Verstka’s investigators found that Alexey Kidyarov is likely a 19-year-old resident of Novosibirsk who’s been on the police’s radar for years.

Pay-what-you-want for supernatural ‘insight’

Other scammers profiting off of soldiers’ disappearances take a different approach: they claim to be psychics. Often, these people offer to use their powers to determine whether a soldier is alive or dead, or to perform rituals that they say will prompt the missing soldier to contact his desperate relative.

In some cases, relatives of missing soldiers reach out to these “mediums” themselves. In one social media group, Russians post pictures and descriptions of their missing family members, asking “psychics” to explain what happened to them in the comments.

Journalists from Verstka sent the photo of one man who died in Ukraine in early December to four “psychics” from the group. All four said that the man is alive, each telling a different story about his current circumstances. Two of them asked to be paid (any amount) for their “work.”

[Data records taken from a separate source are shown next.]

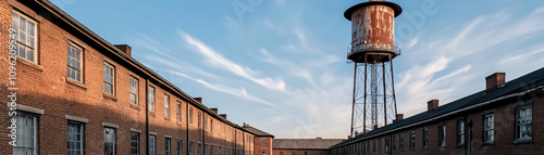 © Eing, Fototapeta premium A Rusty Water Tower Stands Tall Against a Row of Brick Buildings, Their Windows Gazing Upward Towards the Open Sky.
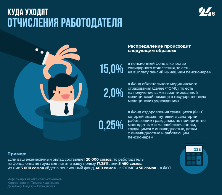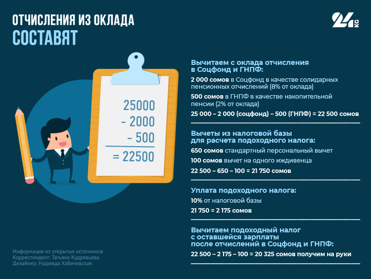 На оклад работника эти отчисления не влияют. Он остается прежним — 25 тысяч сомов.
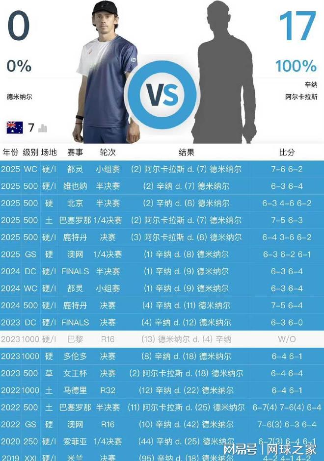 展望接下来的半决赛,德米纳尔又对位上了老苦主辛纳。在迄今为止的多次较量中,德米纳尔还未尝一胜。纪录就是被用来打破的,德米纳尔能否在终结对阵前十的连败纪录,从过往与辛纳的交锋中总结经验教训,试着扳回一城呢?
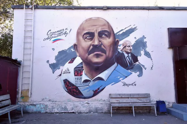 Главного тренера сборной России по футболу нарисовал художник-граффитист Тимур Абдуллаев.
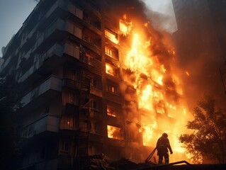 Fireman extinguish fire with the hose. Burning house fire drill. High quality photo
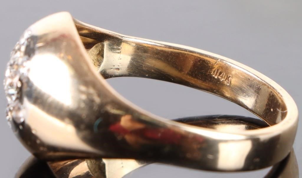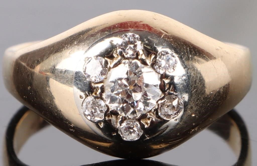 14K yellow gold cluster diamond ladies ring. Gemstones to include one 0.33ct round cut diamond, and six 0.02ct round cut diamonds in a cluster formation.

$4,500 for a ‘top spot’ on the prisoner swap list

It’s also common for scammers to claim they can help relatives purchase “top spots” on the Russian Defense Ministry’s prisoner-exchange list. In December, for example, Anna Zhukova, a woman from the occupied city of Horlivka in Ukraine’s Donetsk region, received a message from a user named Alexander Kisel. He told her that her son, who’s been missing since September, is being held as a POW, and that she had two options for getting him back.

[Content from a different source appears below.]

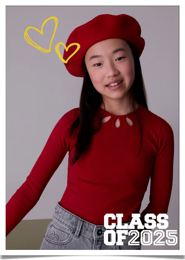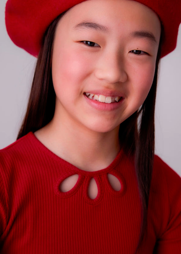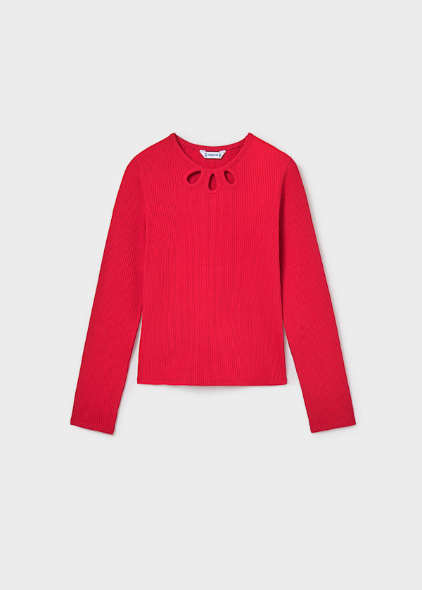 Camiseta de manga larga para chica. Cuello redondo. Tejido de punto canalé. Elementos de adorno: aberturas de adorno.
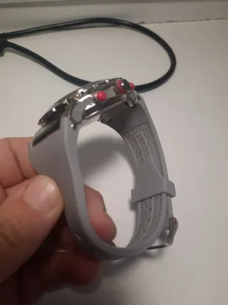 Reloj de pulsera para hombre con un diseño moderno y deportivo, como nuevo. - Correa de caucho texturizado. - Bisel plateado con marcadores de hora.

The first option, he said, would be for her to travel to Moscow to meet with someone named Tatyana Sokolova, who he claimed had “gotten more than 100 men out of captivity.” But if Anna couldn’t get to Moscow, Kisel said, she could simply send the fee to Sokolova’s bank account. He claimed that for 300,000 rubles ($4,640), she could guarantee her son one of the “top ten” spots on the prisoner-exchange list; a spot in the top 20 would cost 200,000 rubles ($3,095), a spot in the top 30 would cost 120,000 rubles ($1,857), and one in the top 60 would cost 60,000 rubles ($928).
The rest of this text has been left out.